Hurd v. Woodward Co.

190 F. 28, 1911 U.S. App. LEXIS 5330
CourtU.S. Circuit Court for the District of Northern New York
DecidedSeptember 11, 1911
StatusPublished
Cited by1 cases

This text of 190 F. 28 (Hurd v. Woodward Co.) is published on Counsel Stack Legal Research, covering U.S. Circuit Court for the District of Northern New York primary law. Counsel Stack provides free access to over 12 million legal documents including statutes, case law, regulations, and constitutions.

Bluebook
Hurd v. Woodward Co., 190 F. 28, 1911 U.S. App. LEXIS 5330 (circtndny 1911).

Opinion

RAY, District Judge.

The complainants, licensees and owners of the Grant patent, No.- 554,675, dated February 18, 1896, for rubber-tired wheel, sue the defendant, the Woodward Company, of the city of Albany, N. Y., for infringement of such patent, and pray a preliminary injunction, as it is conceded by the defendant for the purposes of this motion (quoting from defendant’s brief) “that the alleged infringing construction complained of — i. e., that upon which the complainants have based their motion — falls within the scope of the claims of the patent in suit.”

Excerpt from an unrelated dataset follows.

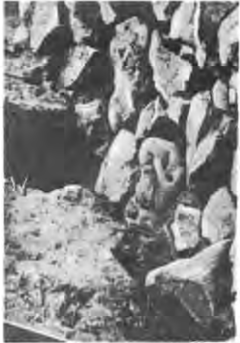
Рис. 4. Фрагмент фотографії з жіночою півпостаттю.

Відгуком на революційні події були його слова в одному з листів до М. Дроздова: «Дякувати Богові, що дозволив мені дожити до цих святкових днів і побачити моїх друзів і Поляків, і Українців, і Росіян вільними громадянами» 6 .

Assuming the patent to be valid, and its validity has recently been adjudicated and declared by the Supreme Court of the United States in a case wherein the owners of the patent were complainants and the Diamond Rubber Company was defendant, the complainants are therefore entitled to a preliminary injunction, unless the following facts, which are not denied, protect this defendant, the Woodward Company, in using, dealing in, and selling such articles: The patent is for a combination of wheel, metal rim thereon, and rubber tire carried by such rim. The Kokomo Rubber Company, of Kokomo, state of Indiana, makes and sells, and for years has made and sold, the rubber tires within and covered by the claims of the patent, and which are a plain infringement thereof, if the patent is valid as to such company. It makes and sells such rubber tires for use in and on rubber-tired wheels, although it does not make or sell the rims or mount the tires on wheels. The Kokomo Company is therefore, or, but for facts to be stated, would be, what is known as a “contributory infringer.”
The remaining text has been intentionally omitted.